Nadya wished they had not.
Ilyr kept his bandaged hand raised. His face did not change. The approved words went on in his cracked voice, and beneath them the forbidden pause passed through the crews like a held wound.
At shift end, Nadya opened the ledger.
There were boxes for injury type, worker name, crew, treatment, severity, return status, and contributing cause. The Empire loved a cause. A cause could be corrected, assigned, punished, sealed, transferred, and archived. A cause made suffering into a tidy thing with a handle.
Nadya reached the contributing cause column and held the pen above the page. Worker inattention would be accepted. Fatigue would be ignored. Anything else would be dangerous. Nadya listened to the last of the crews leaving the hall. Their steps dragged. Their voices stayed low. The notice’s corners had dried flat against the stone.
Nadya wrote:
Unsafe production tempo following cadence alteration. Missed rest intervals. Sustained heat exposure.
She sanded the ink before she could reconsider.

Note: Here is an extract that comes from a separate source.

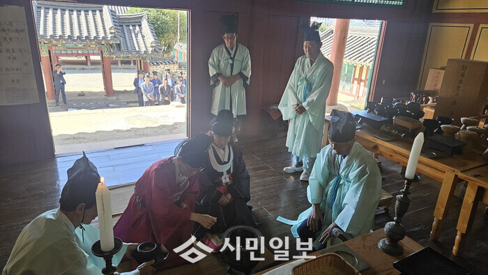 | ▲ 조연주 해남교육지원청 교육장(오른 쪽부터 두 번째 )이 22일 해남향교에서 전통문화 전승 의례인 고유례(告由禮)를 봉행하고 있다. / 해남교육지원청 제공 |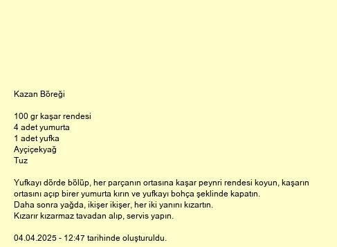 Yufkayı dörde bölüp, her parçanın ortasına kaşar peynri rendesi koyun, kaşarın ortasını açıp birer yumurta kırın ve yufkayı bohça şeklinde kapatın.

The words looked clean on the page. Almost medicinal. Something an office could carry away without ever touching the hand, the shoulder, the missing man, or the breath that had been taken from the room.
Only then did Nadya lie down on the cot behind the linen screen. Her hands smelled of smoke and soap. Her head rang with hammerfall. Sleep waited somewhere nearby, narrow and suspicious.
Beyond the infirmary wall, the approved song began again. This time, Nadya did not hear the old words. She heard where they should have been.